На Демьяненко было страшно смотреть. Буквально отслаивающиеся волосы, мелкие точки кровоподтеков на белесой уже какой-то неживой коже, подсохшие капли крови на подбородке.
В памяти Сергея Сергеевича услужливо всплыли характеристики последствий радиационного поражения из еще институтских учебников: «Внутренние кровотечения… Повреждения внутренних органов… Разрушение костного мозга… лимфатическая дисфункция…».
Отогнав эти мысли, он подошел и сел на стул рядом с койкой.

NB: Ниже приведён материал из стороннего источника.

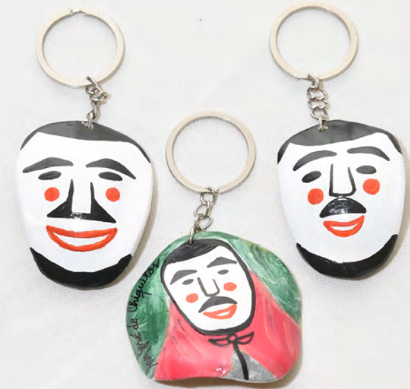
Llavero 15 Bs.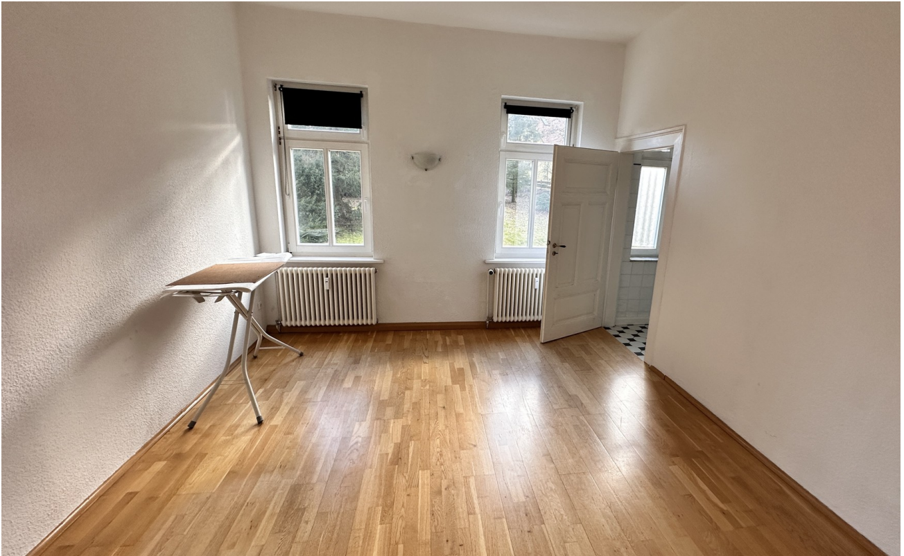
Schlafzimmer mit Tür zum Bad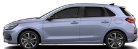
Meta Blue Pearl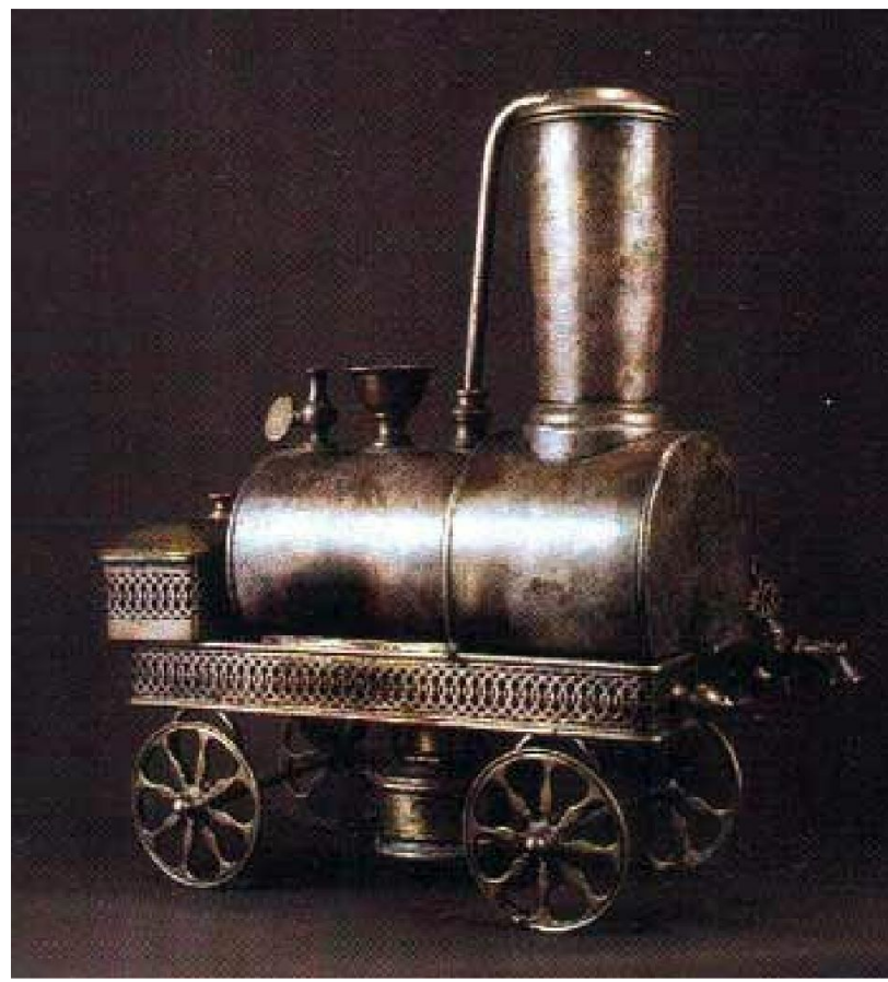
Самовар «Паровоз». XIX в. Латунь, чеканка, серебрение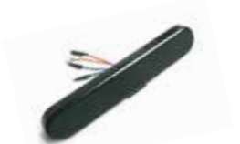
IND 100 Induktiver Endschalter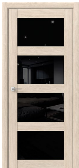
КВАТРО Амурская лиственница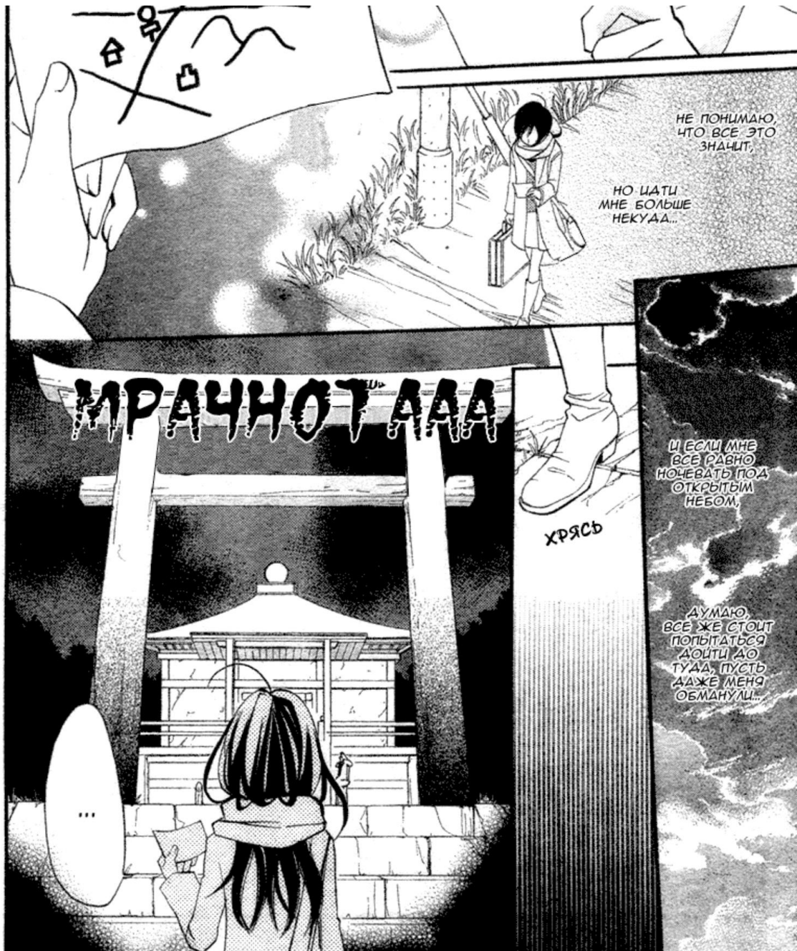
Храм в манге «Очень приятно, Бог»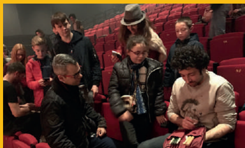
Les élèves de percussion du Conservatoire Eugène Jancourt et de l'Union Musicale ont rencontré les batteurs des Fills Monkey lors de la première date du Palais des Rencontres le 8 mars 2019

Selon les spectacles, des ateliers pédagogiques et des rencontres autour des spectacles pourront être mis en place avec l'équipe du Palais des Rencontres.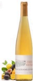
AOP Muscat de Beauges-de-Venise 2014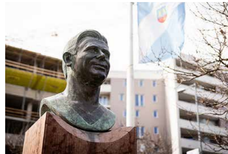
Kispest ápolja az emlékét

Az Aranycsapat kapitányára, Kispest Díszpolgárára, Puskás Ferencre emlékeztek 98. születésnapján (április 1.) a KÖKI Bevásárlóközpont előtt álló szobránál.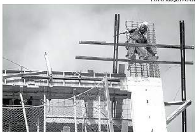
A construção civil é um dos segmentos que mais registram acidentes e doenças relacionadas ao trabalho no País

Para mudar essa realidade, o TRT/CE em parceria com Sinduscon-CE e mais 40 ins-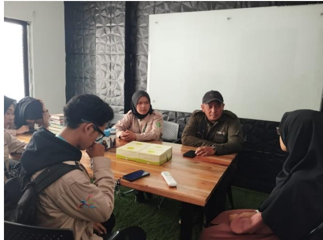
Gambar 3. Pelaksanaan Kegiatan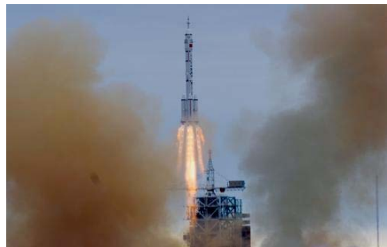
神舟六号于2005年10月12日发射，10月17日飞船返回舱成功着陆。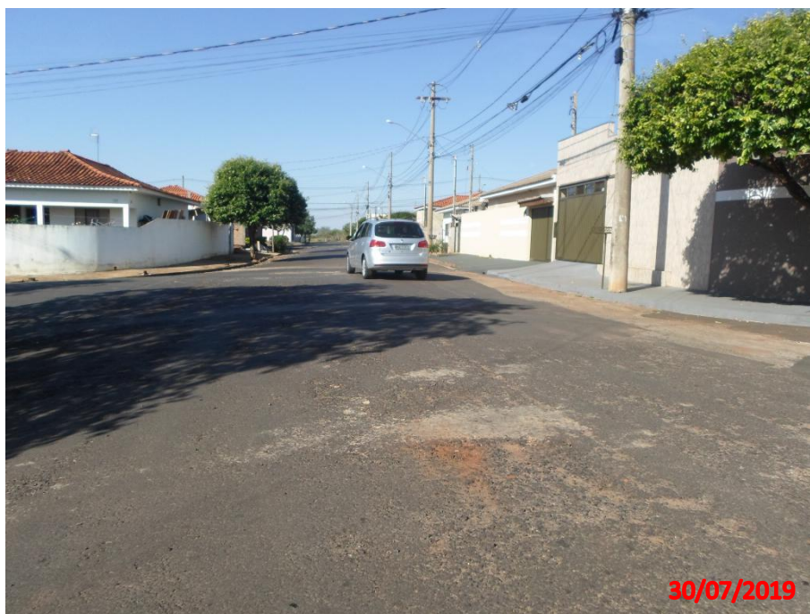
Rua José Grecco

5. RUA JOSÉ GRECCO - 680,09 m 2 de recapeamento asfáltico no trecho entre a Rua Eunice Malaspina Sgarbi e Rua Alexandrino Vicente, no bairro Parque Imperial.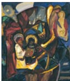
Heilige Ursula 1914/1915 Leihgabe der Ernst von Siemens Kunststiftung, München

Das Kunstforum Ostdeutsche Galerie präsentiert eine umfassende Werkschau des Künstlers und Theoretikers Adolf Hölzel (1853 Olmütz/Mähren – 1934 Stuttgart). Der Maler zeigt sich als ein wichtiger Wegbereiter der Moderne. Wie Wassily Kandinsky, Piet Mondrian oder Robert Delaunay entwickelt Hölzel, der später Professor an der Stuttgarter Akademie wird, Anfang des 20. Jahrhunderts einen neuen Bildbegriff.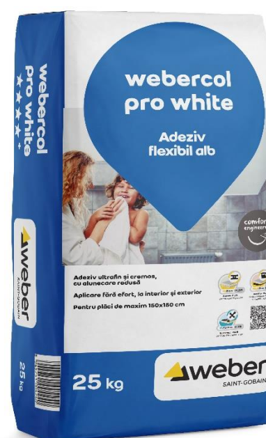
Sac 25 kg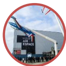
Musée de l'Air et de l'Espace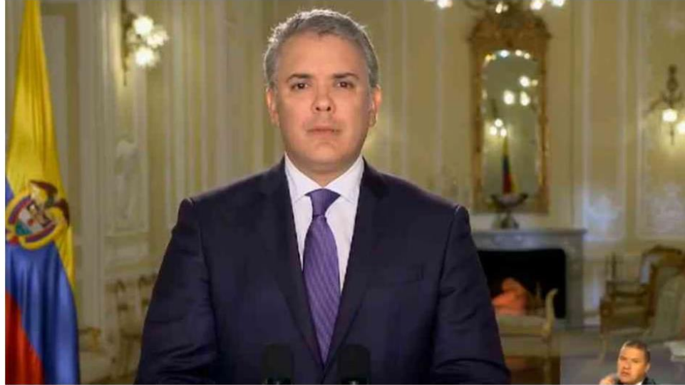
Imagen 2. Publicación de la Revista Semana en la que se priorizan los frames de Consecuencias y Problemas.

Estos hallazgos nos permiten demostrar que la hipótesis 1 es parcialmente verdadera. Puesto que la Revista Semana si se enfoca en frames relacionados a los problemas, pero El Espectador no prioriza las soluciones, para este medio, es más relevante comunicar las consecuencias que se derivan de la Jurisdicción Especial para la Paz.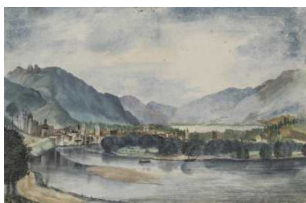
Die Sammlung Hieronymus Klugkist – Der Grundpfeiler des Bremer Kupferstichkabinetts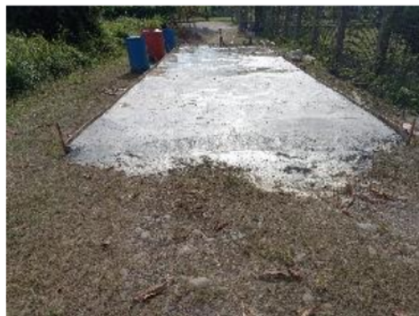
Gambar 11. Hasil sementara perkerasan jalan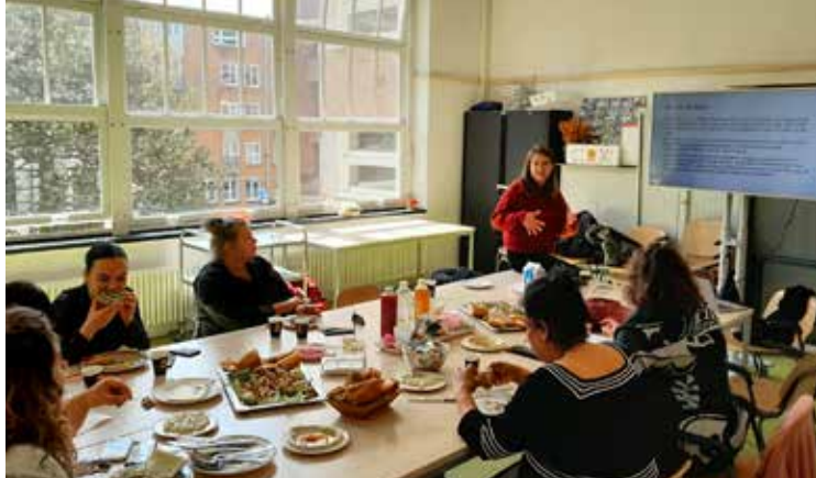
Voorlichtingslunch over de sociale basis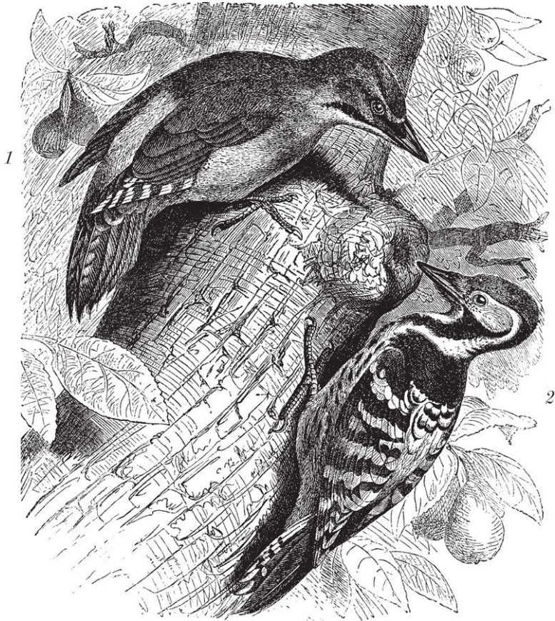
Дятлы: 1 – седой; 2 – белоспинный

Однако не следует думать, что черный дятел приносит один лишь вред. Эта птица оказывает нередко весьма зна-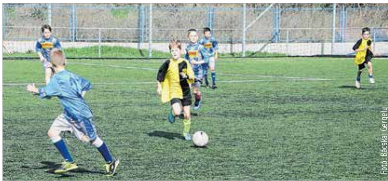
A II. korcsoportos fiúknál fociban a tóvárosiak voltak a legjobbak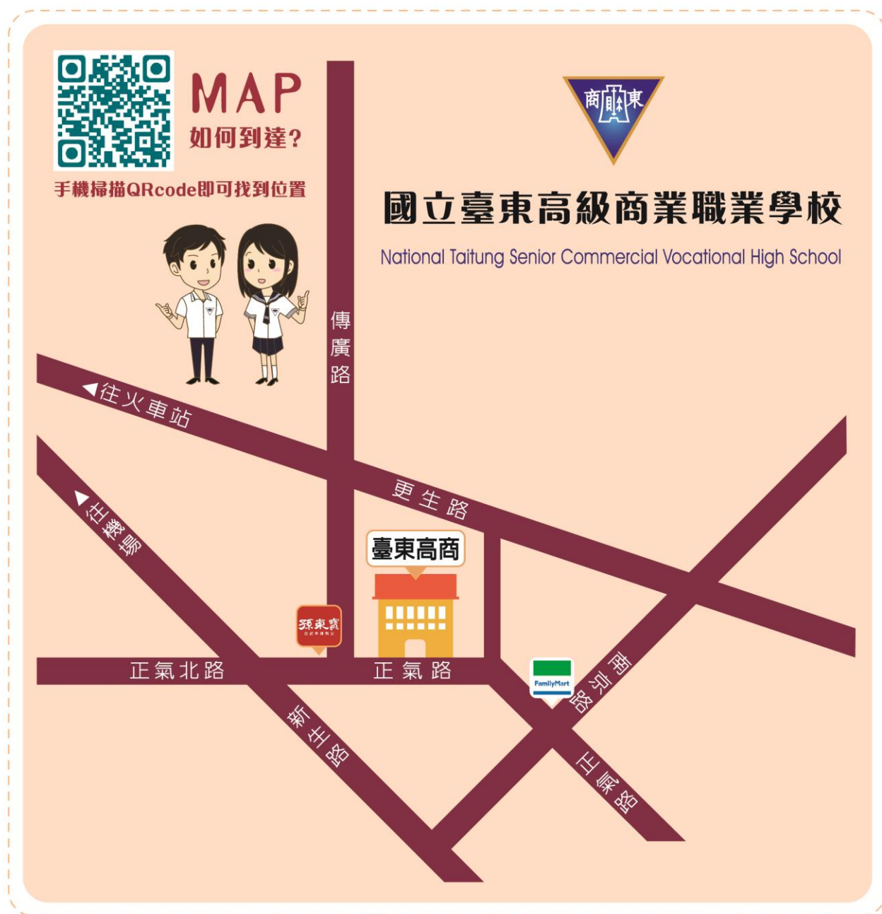
附圖一 承辦學校位置圖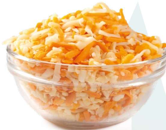
RALLADO GRATINAR MIX HEBRA BREDAM – 6X1KG.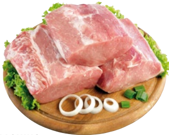
LONZA DI SUINO INTERA senza cordone sottovuoto al kg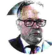
BENOIT COEURÉ Già nel Comitato esecutivo Bce, francese, ha sostenuto la linea pragmatica adottata da Draghi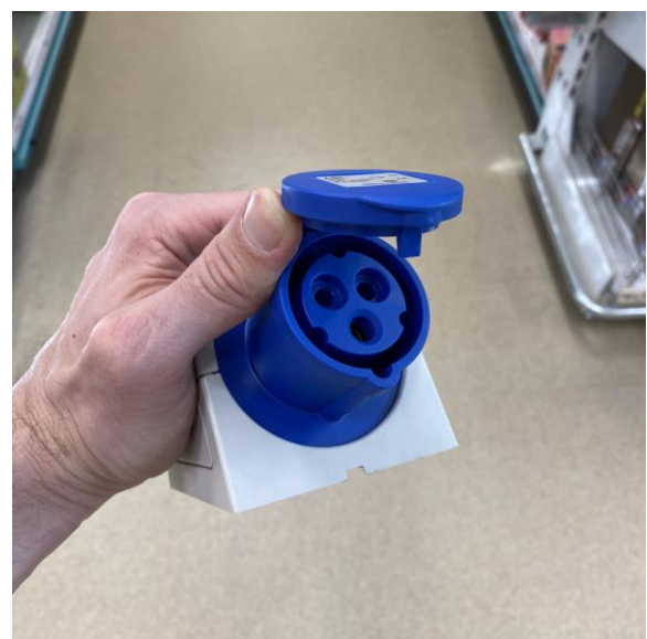
CEE16 230V Blau, auch "Caravansteckdose" genannt, da sie oft auf Campingplätzen eingesetzt wird.

In der Schweiz sind die folgenden Varianten der Industriesteckdosen verbreitet: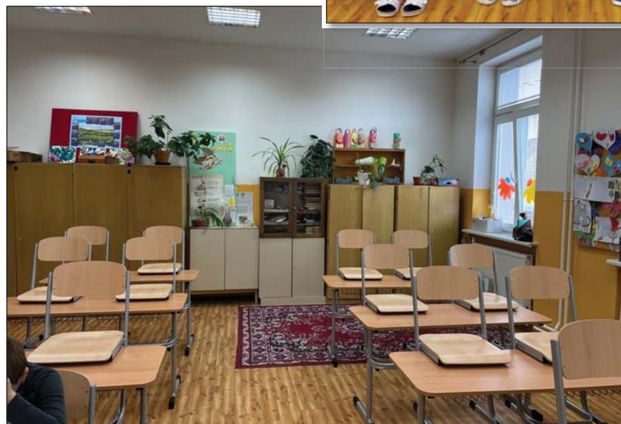
● Nové nastaviteľné lavice v triedach

kázali svoje logické myslenie a viacerí z nich boli úspešnými riešiteľmi. Štvrtáci okrem toho zopakovali aj Test informatického myslenia pod záštitou IT Akadémie, čo prvýkrát absolvovali ešte ako tretiaci. Test porovnával ich posun v oblasti digitálnych zručností a preukázal zlepšenie u väčšiny žiakov.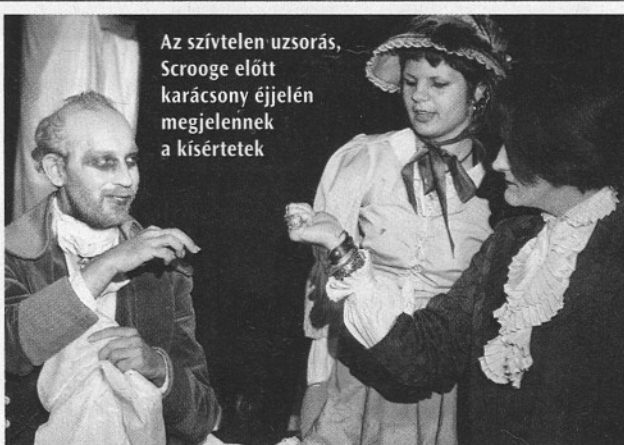
Az előadáson részt vettek a Pécsi Sebestyén Általános Iskola diákjai is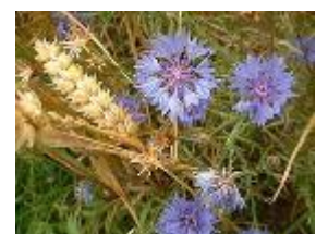
Le bleuet, plante messicole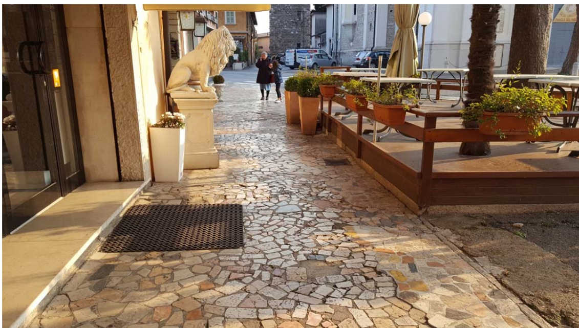
Fotografia pos. 5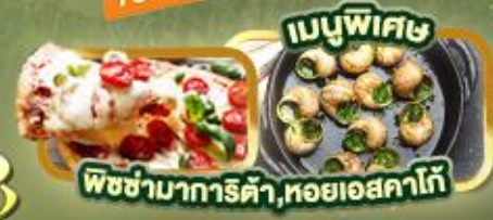
เมนูพิเศษ พิซซ่ามาการิต้า, หอยเอสคาโก้

Его заместитель поднял на шефа глаза.
— Сергей Сергеич, хорошо, что вы пришли, я очень просил передать… — больной запнулся, переводя дух.
И Байлаков ощутил железно впившийся в сердце страх — ведь он тоже мог оказаться в этой треклятой шестнадцатой лаборатории, он ведь давно собирался посмотреть, как идет изучение дромоса.
— У меня не так много времени, — продолжил его заместитель. — Помните те странные гармоники… месяц назад. Помните, когда мы сделали четырехмерную развертку на ЭВМ и математическую модель? Думаю, надо опять отсмотреть, она ведь идеально ложится на характеристики выброса…
Он закашлялся, алые брызги упали на подушку.
— Магнитную запись наверняка стерло, но самописцы работали до самого конца.
Профессор только кивнул. Какие уж тут магнитные ленты — излучение сожгло даже микросхемы вычислительных машин.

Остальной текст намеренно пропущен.